ドラゴンクエストX 目覚めし五つの種族 オンライン |
画質設定を最低にした状態でも、1,920×1,080ドットでは“重い”、1,280×720ドットでも“やや重い”止まりで、3Dゲームはやや荷が重い印象。拡張スロットもPCI-Express2.0(x1)しかない「Q2900-ITX」では、グラフィックスカードの増設も現実的ではなく、2D描画メインのライトゲームや、ブラウザゲームまでに留めておいたほうがいいだろう。
ベンチマークのラストは消費電力の測定で締めくくろう。高負荷時は「OCCT 4.4.1」を30分間実行中の最大値、アイドル時は起動直後10分間放置した際の最小値を採用している。
消費電力(W) |
デスクトップ向けCPUでは最も消費電力の低いG1820Tとの比較でも、アイドル時で6.9W、高負荷時で16Wの差がついており、Q2900の省電力性能は圧倒的。また今回は手持ち機材の関係で、500WのBRONZE認証電源を使用しているが、より高効率・低容量な電源や、ACアダプタを組み合わせれば、さらに消費電力を削減することができるだろう。
これまで“非力”という印象の強かった省電力SoCだが、今回の検証結果を見る限りPentium J2900については、その印象を改める必要がありそうだ。GPUコアについてはまだ差があるものの、CPUコアについてはデスクトップ向けローエンドとほぼ同等。メモリ帯域幅もデュアルチャネル化により大きく向上しており、オフィスアプリケーションやWebブラウジングなどの作業であれば、ストレスを感じることはほとんどないだろう。
Bay Trail-Dの拡張性やメモリ制限などを解消した「Q2900-ITX」。

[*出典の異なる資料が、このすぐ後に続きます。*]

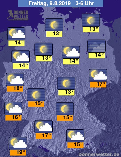 In der kommenden Nacht spielen Schauer keine große Rolle. Es ziehen zeitweise lockere Wolken auf sonst bleibt es klar. Nebel kann sich um Brandenburg bilden. Die Temperaturen liegen bei 13 Grad um Hamburg und 19 Grad im Schwarzwald.

完成度の高いMini-ITXマザーボードに仕上げられている |
そして今回の主役である「Q2900-ITX」に目を向けると、大型のパッシブヒートシンクと高品質コンポーネントを組み合わせることで、ファンレスながら高負荷時でも安定した動作を実現。さらに拡張性の低さやメモリ制限など、Bay Trail-Dのウィークポイントも追加チップや独自UEFIでうまく解消され、やや高価な価格設定も納得の出来栄え。「Q2900-ITX」を使えば、これまでのように用途を限定することなく、幅広い活用ができる静音PCを無理なく構築することができるだろう。